The temperature at which the oxygen atom-containing solvent having 1 to 3 carbon atoms is added is not particularly limited. Range. Although the amount of the solvent used for one washing is not particularly limited, it is preferably 20 parts by mass or more, more preferably 50 parts by mass or more, and still more preferably 100 parts by mass or more with respect to 100 parts by mass of PAS. Therefore, it is preferably 5000 parts by mass or less, more preferably 1800 parts by mass or less, and still more preferably 600 parts by mass or less.

In the present disclosure, by contacting crude PAS with an oxygen atom-containing solvent having 1 to 3 carbon atoms, the crude PAS is converted into porous particles having a specific surface area of 30 [m ² /g] or more, preferably 40 [m 2 /g] or more. ² /g] to 200 [m ² /g] or less, more preferably 60 [m ² /g] or more to 120 [m ² /g] or less. do. In addition, a specific surface area can be measured by the method of an Example.

Step (3)
The purification method according to this embodiment subsequently has step (3) of removing the oxygen atom-containing solvent from the mixture containing the porous particles.

In this step, the method for removing the oxygen atom-containing solvent from the mixture containing the porous particles is not particularly limited as long as it uses a steam stripping method, and known devices and methods can be used. That is, the mixture containing the porous particles is brought into contact with steam, and the volatile substances such as the oxygen atom-containing solvent contained in the mixture are volatilized and removed together with the steam.
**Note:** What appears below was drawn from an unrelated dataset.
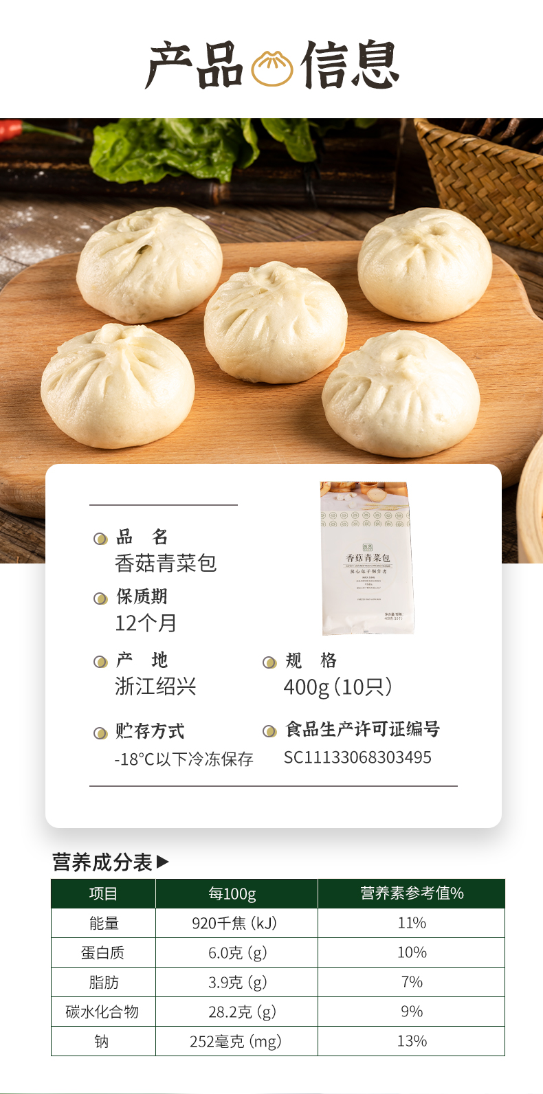 【零添加】香菇青菜包 400g/袋(10只)*4袋

For example, an apparatus for stirring the mixture with a stirrer while supplying steam (for example, JP-A-4-292604), and an apparatus for supplying steam to the mixture from the bottom and contacting it in a multistage column in countercurrent flow (for example, Japanese Patent Publication No. 58-44086, Japanese Patent Application Laid-Open No. 2018-58025, etc.), a vertical apparatus in which a steam nozzle is arranged below the liquid surface of the mixture (for example, Japanese Patent Application Laid-Open No. 9-220402, etc.), and the like.
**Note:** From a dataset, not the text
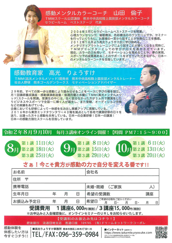 | ◆令和2年8月9月10月 毎月3講座オンライン開催! 【時間 PM7:15〜9:00】8月 ・第1講 11日(火) ・第2講 18日(火) ・第3講 25日(火) ※8月の応募は締め切りました。9月 ・第1講 8日(火) ・第2講 15日(火) ・第3講 29日(火)10月 ・第1講 6日(火) ・第2講 13日(火) ・第3講 20日(火)さぁ!今こそ貴方が感動の力で自分を変える番です!!2020特別オンラインセミナー.pdfファイルのダウンロード |

The conditions for steam stripping are not particularly limited. Part by mass or more is more preferable. Further, for example, the flow rate of steam is preferably 0.5 kg/hr or more, more preferably 1.0 kg/hr or more per 1 kg of PAS. Within this range, the oxygen atom-containing solvent can be removed efficiently. Also, for example, the temperature at which the steam is brought into contact is preferably 100° C. or higher, and preferably 170° C. or lower. Within this range, the water content of the mixture can be adjusted to an appropriate range. Further, for example, the pressure (gauge pressure) of the pot when the steam is brought into contact is preferably 0.5 MPa or less, more preferably 0.3 MPa or less, and still more preferably atmospheric pressure or less. The steam may be blown from the bottom of the device, from the sides of the device, or from multiple points at the same time. Alternatively, the mixture containing the porous particles may be mixed in a pipe supplying the apparatus and then introduced into the evaporation tank.

In this step, the mixture after removing the oxygen atom-containing solvent by steam stripping contains steam-derived water. From the viewpoint of maintaining the specific surface area of the porous particles, the water content of the mixture is preferably 10 parts by mass or more, more preferably 20 parts by mass or more based on 100 parts by mass of the mixture. From the viewpoint of cleaning efficiency in step (4), it is preferably 250 parts by mass or less, more preferably 200 parts by mass or less.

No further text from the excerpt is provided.